Durante la conferenza, nella giornata dedicata alla finanza, è stato evidenziato il ruolo cruciale che gli investimenti, anche quelli privati veicolati attraverso strumenti di risparmio, avranno in questa transizione e l’importanza di sviluppare le legislazioni adeguate per favorirli. Se in Europa gli sforzi legislativi per favorire l’afflusso dei capitali sono evidenti, in altri paesi dobbiamo ancora vedere degli sviluppi concreti.
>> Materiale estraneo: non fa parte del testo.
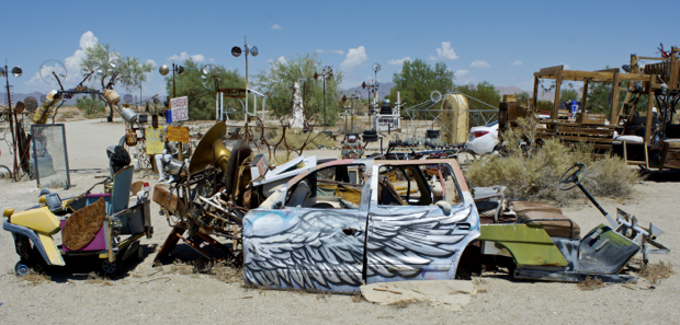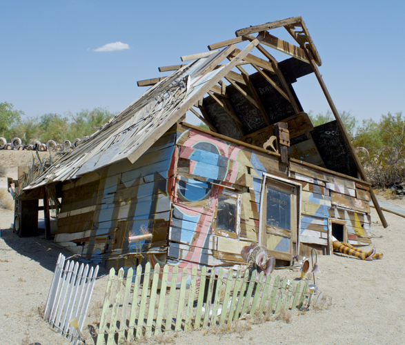 East Jesus is an experimental, habitable, extensible artwork in progress since 2006 begun by the late Charles Stephen Russell in Slab City, California. The inhabitants of East Jesus and offsite members provide a refuge for artists, musicians, survivalists, writers, scientists, and laymen. They are dedicated to providing a working model of an improbable improvised community. Completely self-contained and run entirely on solar power, East Jesus attempts to use and recycle every bit of consumable trash. They are unique in the Slabs in that they have Human Manure composting to reduce and improve the impact on the local desert environment. (stolen from the web)

Punti chiave per gli investitori

Insomma, tanti propositi più o meno ambiziosi, ma cosa resta di concreto per l’investitore da questo COP 28 ? Pensiamo ci siano tre punti fermi:

  • La “transition away” dai combustibili fossili rappresenta un rischio di transizione enorme per aziende e Paesi che basano i propri ricavi o la propria economia sugli idrocarburi. Alcuni attori potranno contare sulla cassa accumulata in anni di attività legate ai combustibili fossili al fine di adattare il proprio modello a un mondo senza petrolio, gas naturale e carbone. Altre aziende e paesi, potrebbero invece trovare enormi difficoltà ad adattarsi. Questo rappresenta un rischio concreto di lungo termine, che potrebbe essere in alcuni casi difficile da prezzare già oggi nelle valutazioni di mercato.

 

  • I danni legati al cambiamento climatico, sui quali si concentra il “Loss and Damage Fund”, non esauriscono le necessità finanziarie legate al climate change. Ci sarà bisogno di supportare economie per rialzarsi da eventi estremi sempre più frequenti, ma anche di finanziamenti volti al supporto dell’adattamento e alla prevenzione dei rischi climatici, come investimenti infrastrutturali. A ciò si devono aggiungere gli enormi capitali che serviranno a finanziare la transizione energetica (da questo punto di vista la prossima edizione di COP avrà il ruolo di ridefinire i fabbisogni, ma sono arrivate importanti impegni di investimenti durante la conferenza di Dubai). L’inadeguatezza dei 700 milioni di dollari raccolti dal fondo, ci ricorda la difficoltà di reperire questi finanziamenti, un tema che crediamo sia destinato a diventare sempre più pressante. In questo senso, crediamo sia importante che gli investimenti privati e non solo quelli pubblici contribuiscano al raggiungimento di tali obiettivi.

 

  • Eventuali nuove legislazioni potranno avere un ruolo cruciale nella chiarificazione del ruolo degli investimenti sostenibili, nell’indirizzare i fondi verso aziende virtuose e tecnologie necessarie alla lotta al cambiamento climatico, nella standardizzazione e trasparenza dei dati, migliorando ulteriormente un panorama che ha già visto un’evoluzione enorme negli ultimi due anni. L’innovazione legislativa non potrà che aprire nuove opportunità e favorire nel lungo termine gli investimenti ESG.